Among the lines below, output only those between the line holding "台面想要建议大家少放东西,这" and the line holding "Perfect for Dubai", inclusive, exactly as written and with no pictures.

THE INPUT:
========================================================================
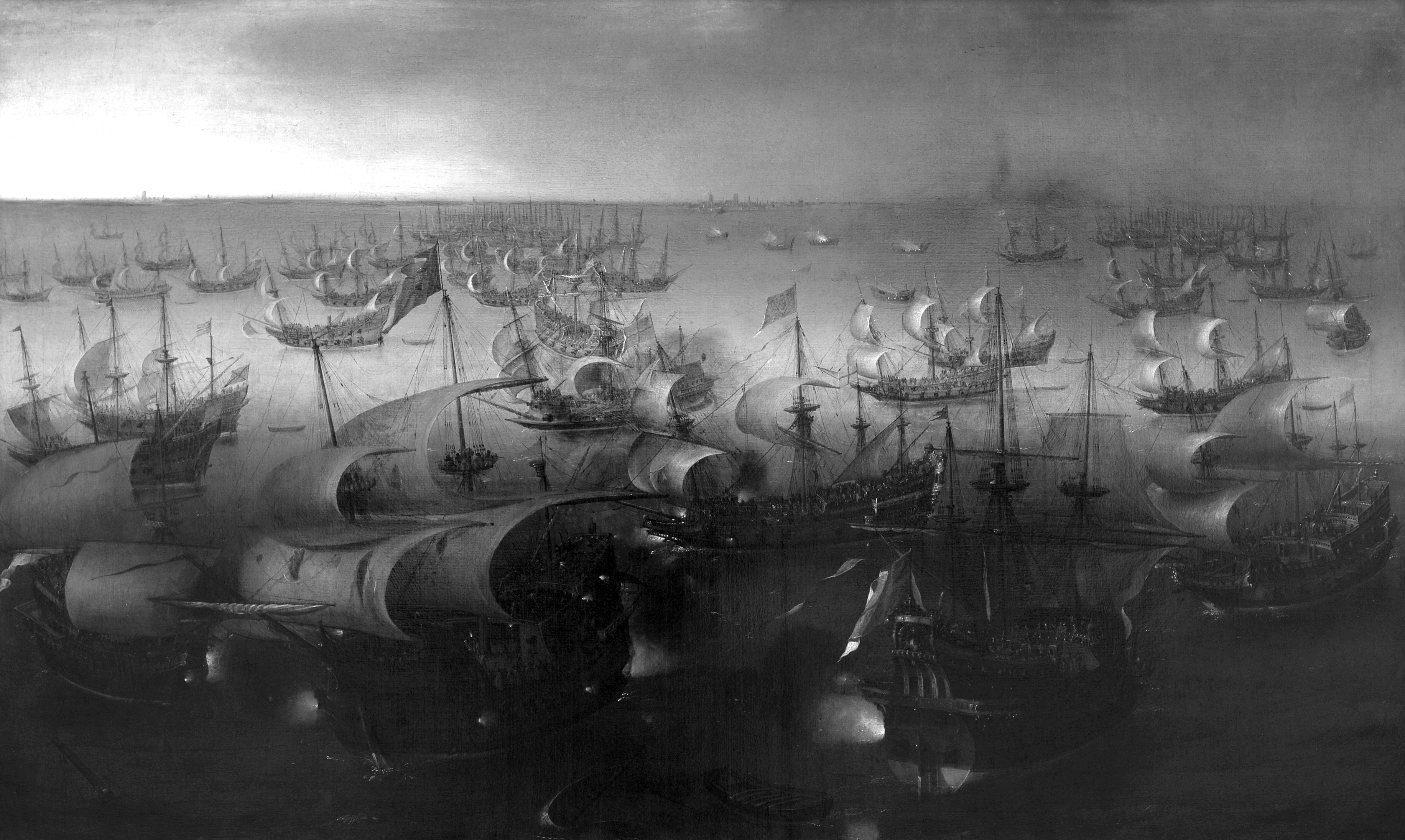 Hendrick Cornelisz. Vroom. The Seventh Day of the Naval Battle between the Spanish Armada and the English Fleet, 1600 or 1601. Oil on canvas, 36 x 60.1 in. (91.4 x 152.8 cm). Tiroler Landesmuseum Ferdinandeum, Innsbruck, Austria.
========================================================================
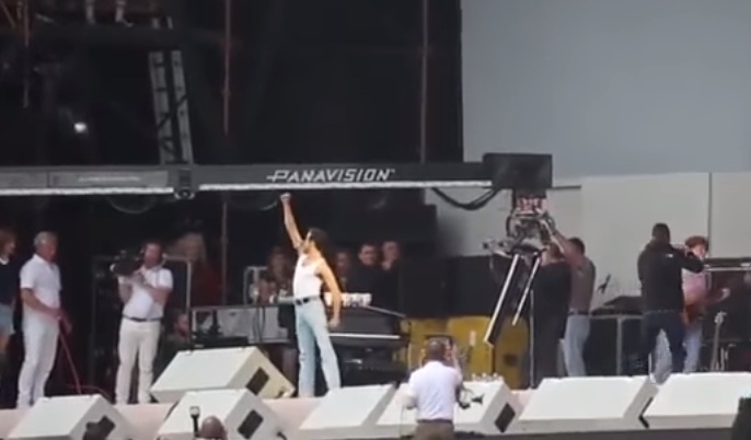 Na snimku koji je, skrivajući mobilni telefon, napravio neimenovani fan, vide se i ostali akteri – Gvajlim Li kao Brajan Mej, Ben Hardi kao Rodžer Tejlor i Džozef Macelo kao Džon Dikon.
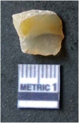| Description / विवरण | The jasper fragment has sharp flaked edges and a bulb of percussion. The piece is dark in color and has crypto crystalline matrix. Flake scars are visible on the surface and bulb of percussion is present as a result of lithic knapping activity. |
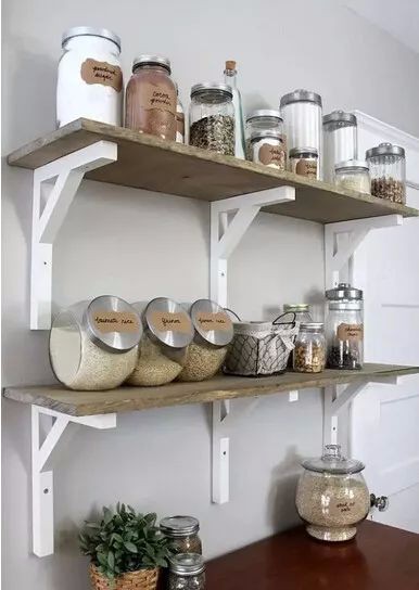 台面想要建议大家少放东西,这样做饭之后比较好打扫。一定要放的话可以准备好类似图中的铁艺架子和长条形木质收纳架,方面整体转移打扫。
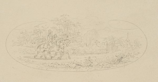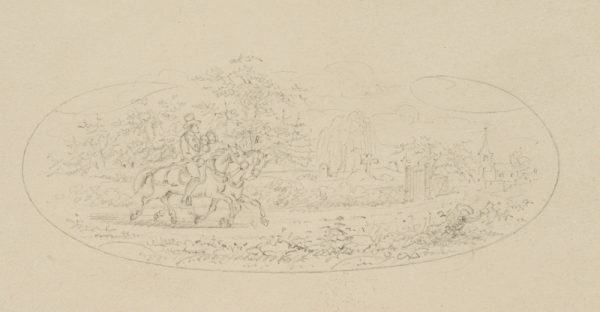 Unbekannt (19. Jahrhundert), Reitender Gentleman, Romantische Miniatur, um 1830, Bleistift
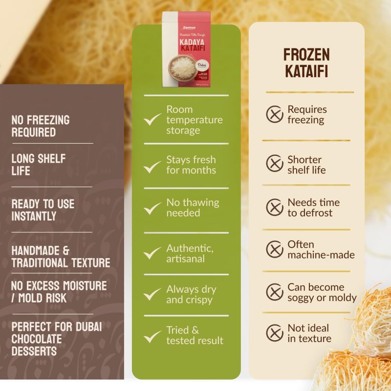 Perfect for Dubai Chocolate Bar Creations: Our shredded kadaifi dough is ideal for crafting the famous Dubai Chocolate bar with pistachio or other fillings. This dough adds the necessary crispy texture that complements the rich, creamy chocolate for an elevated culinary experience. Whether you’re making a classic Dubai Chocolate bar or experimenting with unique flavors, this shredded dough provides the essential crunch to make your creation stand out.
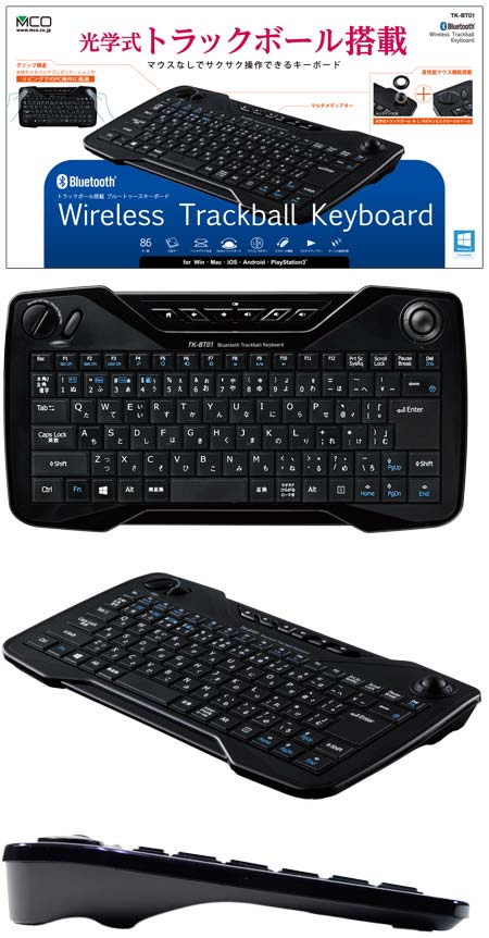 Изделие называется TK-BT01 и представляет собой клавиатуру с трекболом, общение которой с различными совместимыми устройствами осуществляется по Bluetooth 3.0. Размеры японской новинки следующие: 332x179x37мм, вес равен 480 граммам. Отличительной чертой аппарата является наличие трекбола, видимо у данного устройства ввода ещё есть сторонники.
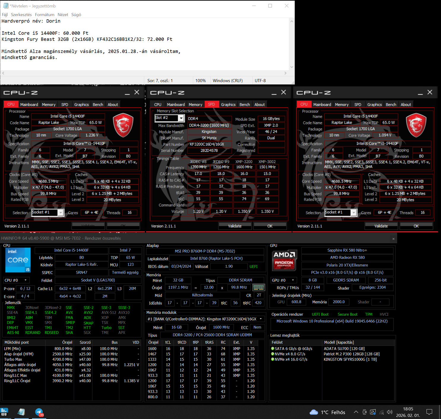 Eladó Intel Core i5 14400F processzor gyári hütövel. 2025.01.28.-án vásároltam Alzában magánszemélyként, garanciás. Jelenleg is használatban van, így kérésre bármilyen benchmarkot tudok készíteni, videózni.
========================================================================
OUTPUT BELOW:
 台面想要建议大家少放东西,这样做饭之后比较好打扫。一定要放的话可以准备好类似图中的铁艺架子和长条形木质收纳架,方面整体转移打扫。
 Unbekannt (19. Jahrhundert), Reitender Gentleman, Romantische Miniatur, um 1830, Bleistift
 Perfect for Dubai Chocolate Bar Creations: Our shredded kadaifi dough is ideal for crafting the famous Dubai Chocolate bar with pistachio or other fillings. This dough adds the necessary crispy texture that complements the rich, creamy chocolate for an elevated culinary experience. Whether you’re making a classic Dubai Chocolate bar or experimenting with unique flavors, this shredded dough provides the essential crunch to make your creation stand out.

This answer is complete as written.